Chapter Six
“W ow.” Chloe turned full circle as if looking at her carriage house apartment for the very first time. The furnishings were from Grandma Millie, all antiques pulled out of storage and refinished and reupholstered. It was clean, but not totally tidy. She had papers to grade organized on the dining room table, several open books strewn on different sitting places, and the kitchen… Well, the kitchen looked like hurricane Chloe had blown through, and the eye and back end of the storm had passed, but the debris had never been cleaned up.
She did a little happy hop and then tried to cover it up by pretending she’d tripped, which made everything more awkward.
“Rustin Wildish is in my apartment!”
“Want an autograph?” He tossed his leather jacket on her coat stand.
He was being facetious. He must be, but she couldn’t read his arresting, hard-planed face. He looked more like a man out of time. Tall, dark, edgy, cut, impatient. A rogue…more like a pirate instead of a refined, talented chef opening a restaurant.
“Some chefs are celebrities, so I probably should get your scrawl before there’s a long line of fan boys and girls. Have you been practicing?”
“Show me the cookbook, Chloe.”
“It’s not really a cookbook,” she stammered, hoping she hadn’t made the book sound epic as if it belonged in a museum. “It’s kind of…um…weird.” She couldn’t quite get over that Rustin was in her apartment and going to cook with her. This was a dream come true, yet she was hesitating like she was going to share her poetry or song scribbles in her journal.
God, the thought of sitting with Rustin, sharing…
“You said it had recipes.”
“Ummm, yeah.”
He held out a hand, palm up, and for a wild second, she imagined resting her hand in his. But no. Her imagination was galloping off without her brain. Rustin wanted the book.

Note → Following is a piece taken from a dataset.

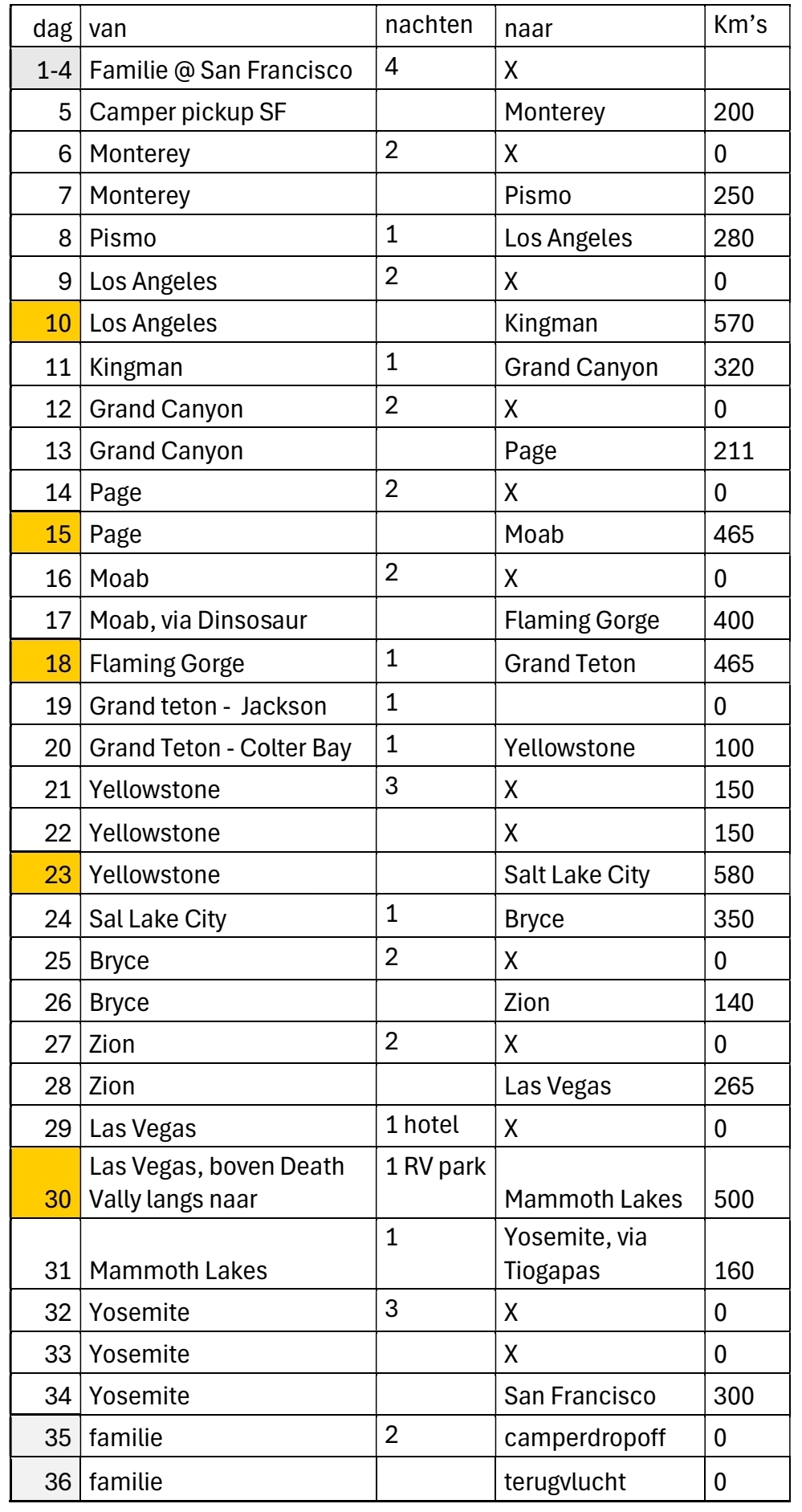 Soms 2 nachten i.v.m. een te boeken activiteit op een niet-rij-dag. Maar bij Grand Canyon en Bryce de dubbele nacht toch weggehaald. Een extra nacht Yellowstone en Bear Lake en Capitol Reef in de Route.

“I don’t know why I’m feeling so protective about the book,” she admitted. “It’s not like it’s a family heirloom or anything.”
“Could be.”
“No, Grandma Millie wouldn’t have put a family heirloom in her mini library outside her house. You know the one,” she reminded. “She’s had it for years. Bring a book, take a book.”
His hands shifted to his hips, fingers arrowing toward the most masculine part of him, and Chloe’s heart skipped a beat. His eyes looked like shadows, swallowing her.
Act like an adult.
Rustin was in her home. He was going to help her—hopefully. She needed to leash her impulses and fantasies and show him respect since Jessica had been uncharacteristically rude.
To steady herself, she walked to the island peninsula that separates the living space from the kitchen and retrieved the bound book. Holding it to her chest, she faced Rustin.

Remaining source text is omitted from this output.